- manual O & M-mechanical repeated O & M, underground efficiency, frequent errors
- tool assistant-unable to operate in batches, lack of management of batch operation status, and difficulty in locating errors
- rapid business development, lack of O & M accumulation, lack of O & M specifications
- multi-person O & M lacks permission control and centralized logs, which cannot be audited.
- Excessive O & M permissions increase the risk of errors"
- phase 1: manual O & M. It completely relies on manual operation and maintenance. Sometimes, you can tap a few lines of commands in the command line, and sometimes you can use the mouse to operate on several different web pages. Basically, it is guided by the "predecessors, then I started my own journey. I felt uneasy at the beginning of the operation for fear of" damaging "the system. After the operation is skilled, it is easy to take it lightly. It is best to make mistakes and trigger faults.
- Phase 2: Some O & M scripts and gadgets are gradually accumulated to help complete a single O & M task. Compared with the first phase, the efficiency of completing a single O & M task is much higher. However, when processing a batch of tasks, they are still unable to coordinate and coordinate the status of each task. Script writing is not strict enough, and errors often occur, resulting in the inability to continue using scripts and tools, you need to return to manual O & M.
- Phase 3: Complete automation system. Compared with the second phase, tools and scripts are replaced by system-level automation software. The automated system provides complete functions such as batch operation, status monitoring, logging, and identity authentication. Such systems can complete pre-designed automation functions. As more and more tasks are required, the system needs to be continuously upgraded and maintained. -- To facilitate Alibaba Cloud users, Alibaba has built an automated O & M platform on the cloud-OOS.

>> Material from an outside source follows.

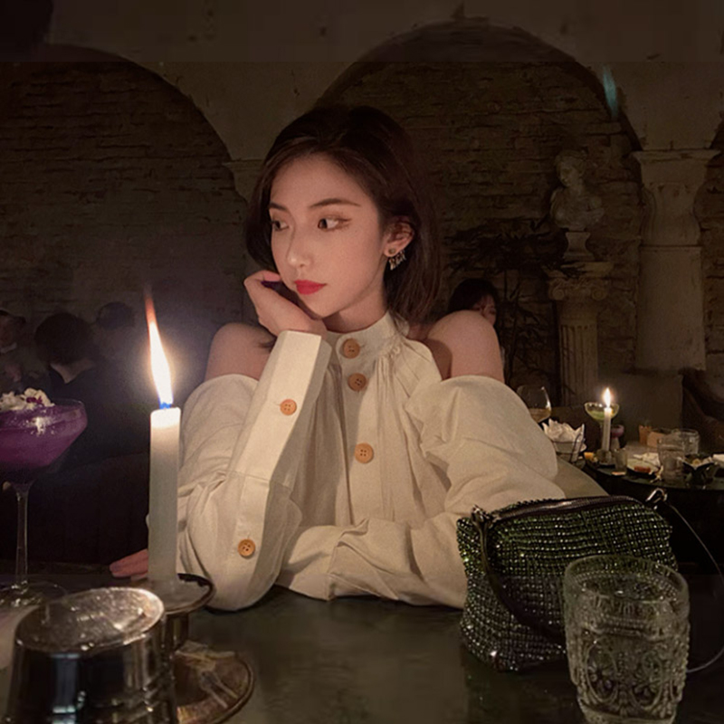 2020the new white shirt women's design sense small people light familiar French off-the-shoulder long sleeve jacket fairy spirit super fairy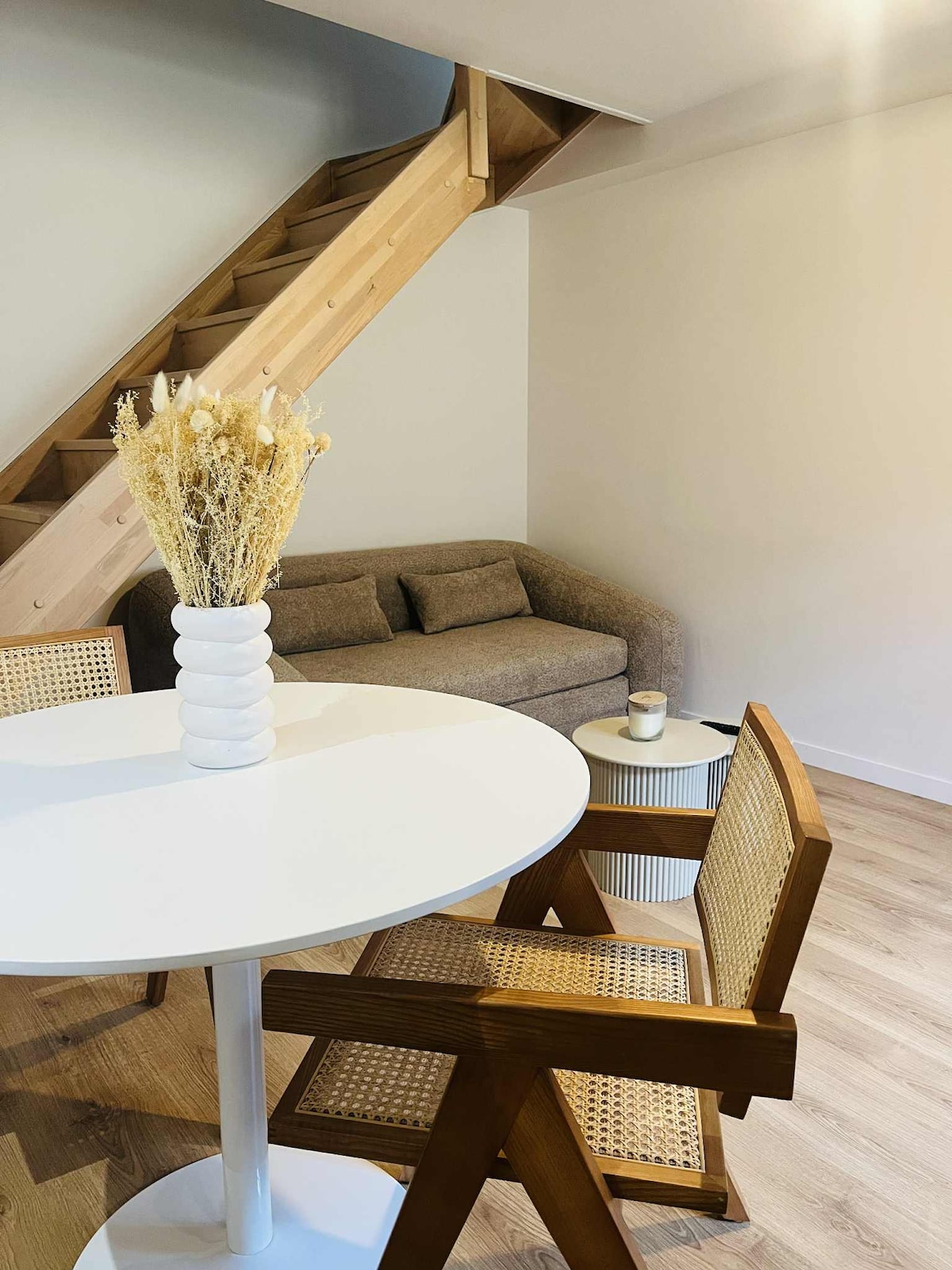 Is stiúideo álainn é an stiúideo "la halte ducale #2" i gcroílár Charleville - Mézières díreach 200m agus 3 nóiméad ón gcearnóg ducal! Lonnaithe ar chúl an chlóis, cuireann an tearmann síochánta seo eispéireas uathúil ar fáil a chuireann draíocht bharántúil agus compord nua - aimseartha le chéile. Seasann ár dteach, atá athchóirithe go hiomlán, amach mar gheall ar a charachtar barántúil agus a ghile eisceachtúil. Smaoiníodh go tuisceanach ar gach mionsonra chun timpeallacht mhaireachtála thaitneamhach shuaimhneach a chur ar fáil.

alibaba Cloud operations Orchestration Service (Operation Orchestration Service, Short OOS) IS a comprehensive, free cloud automated operations platform, provides operational tasks management and execution. Typical scenarios include event-driven O & M, batch O & M, scheduled O & M tasks, and cross-region O & M. OOS provides approval and notification for some important O & M scenarios. OOS allows you to standardize O & M tasks and implement the advanced concept of O & M as Code (Operations as Code). OOS supports cross-product use. You can use OOS to manage cloud products such as ECS, RDS, SLB, and VPC.
visual execution process and results
by providing a visual execution process, you can see the complete execution process and results, including:
- you can view the execution details, parameters, and output of each task.
- You can clearly see the execution process, sequence, and error redirection.
- You can see the complete execution process from the beginning to the end.
Free fully managed automation
provides fully managed automated execution, that is, server-free (Serverless) automated execution. You do not need to consume or use your computing resources (such as ECS instances) during the execution process to meet the automated O & M requirements of entrepreneurial companies, small and medium-sized enterprises, and large enterprise customers. In the fully automated mode, you do not need to be manually guarded, allowing you to focus more on high-speed business growth.
Efficient batch management
in traditional scenarios, running multiple tasks is more complex than running a single task. OOS allows you to manage the progress in real time, perform health statistics, and quickly locate errors, this improves the overall O & M efficiency.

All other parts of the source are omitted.